In the week since her Chancellor Kwasi Kwarteng’s tax-cutting ‘mini-Budget’ threw the markets into turmoil, sending the pound tumbling and increasing the cost of government debt, this marks the first time she has spoken to the public. Truss took the opportunity to deny that a U-turn is on the cards, standing by the political programme on which she campaigned for Conservative Party leadership. Despite calls to move forward the next fiscal event planned for 23 November and pressure from Labour leader Keir Starmer to recall Parliament, there no indication that she will change course. 

The PM claims that she has taken “controversial, difficult decisions” but that she is “prepared to do that as Prime Minister because what’s important to me is that we get our economy moving.” She and her newly appointed Financial Secretary to the Treasury, Andrew Griffith, have both refuted claims that the mini-Budget is responsible for the current market turmoil, attributing it instead to the global pressures caused by Russia’s invasion of Ukraine. 

Truss’ round of interviews come after the Bank of England took emergency action in the form of a £65 billion bond-buying programme on Wednesday to stabilise UK financial markets and avert a crisis which risked draining pension funds of cash, putting them at risk of insolvency. One of the most striking moments from today’s media round came in Truss’ interview with BBC Bristol, when she was asked by presenter James Hanson whether she could guarantee to listeners that their pensions were safe. She stopped short of making any guarantee, instead praising the Bank of England for their role in delivering financial stability. 

In what has been an extraordinary week for politics and for the UK economy, Truss’s interventions today have not been enough to reassure the markets. Her economic programme has attracted intense criticism from both political opponents and concerned Conservatives.  

After the IMF urged the government to reconsider the scale of tax cuts funded by borrowing, Keir Starmer criticised the economic fallout from the ‘mini-Budget’ as a “self-inflicted” problem. 

Starmer told LBC: “The IMF statement is very serious and it shows just what a mess the government have made of the economy…At the moment they are saying they might be doing something in November. That’s far too long. They’ve got to review the plans they put out on Friday. They’ve got to do it urgently, in my view.” 

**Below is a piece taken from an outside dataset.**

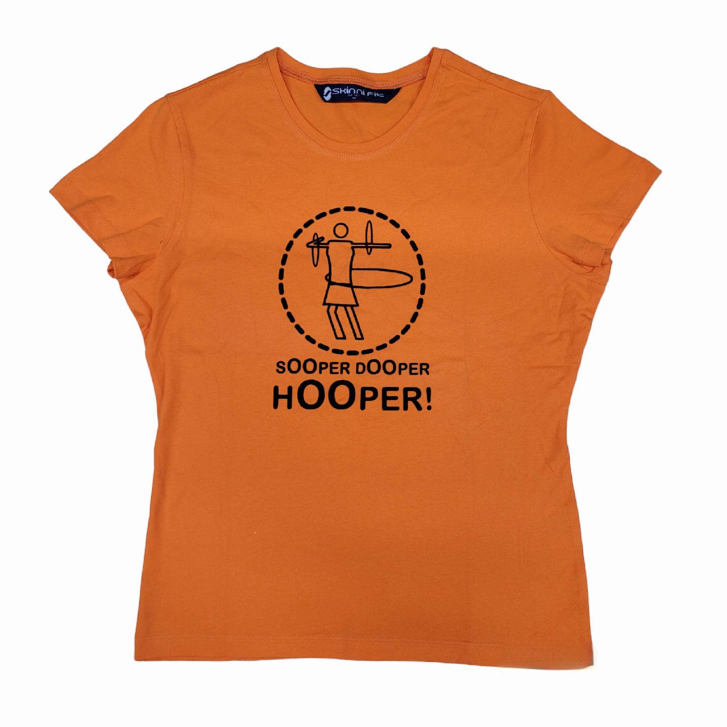 Hula Hoop Graphic: The front of the t-shirt features a bold and colorful graphic of a hula hoop in action, capturing the essence of joy and movement.

Former Conservative Chancellor Lord Ken Clarke, speaking to Times Radio today, echoed this call for urgent action to reassure the financial markets. He also claimed that “no Conservative government in my lifetime would ever have made a mistake of this kind”, claiming that the current Government is risking the Conservative Party’s reputation for economic competence. 

His concerns appear to being borne out in the polls, with Labour today polling a record 33 points ahead of the Conservatives, according to YouGov – the highest the party has ever recorded in any published poll since the 1990s. Time will tell if the extreme reaction to last week’s fiscal event will lead the Government to back-track on elements of its economic programme. It is already clear that the events of the last week have reshaped UK politics, and have the potential to do so for years to come.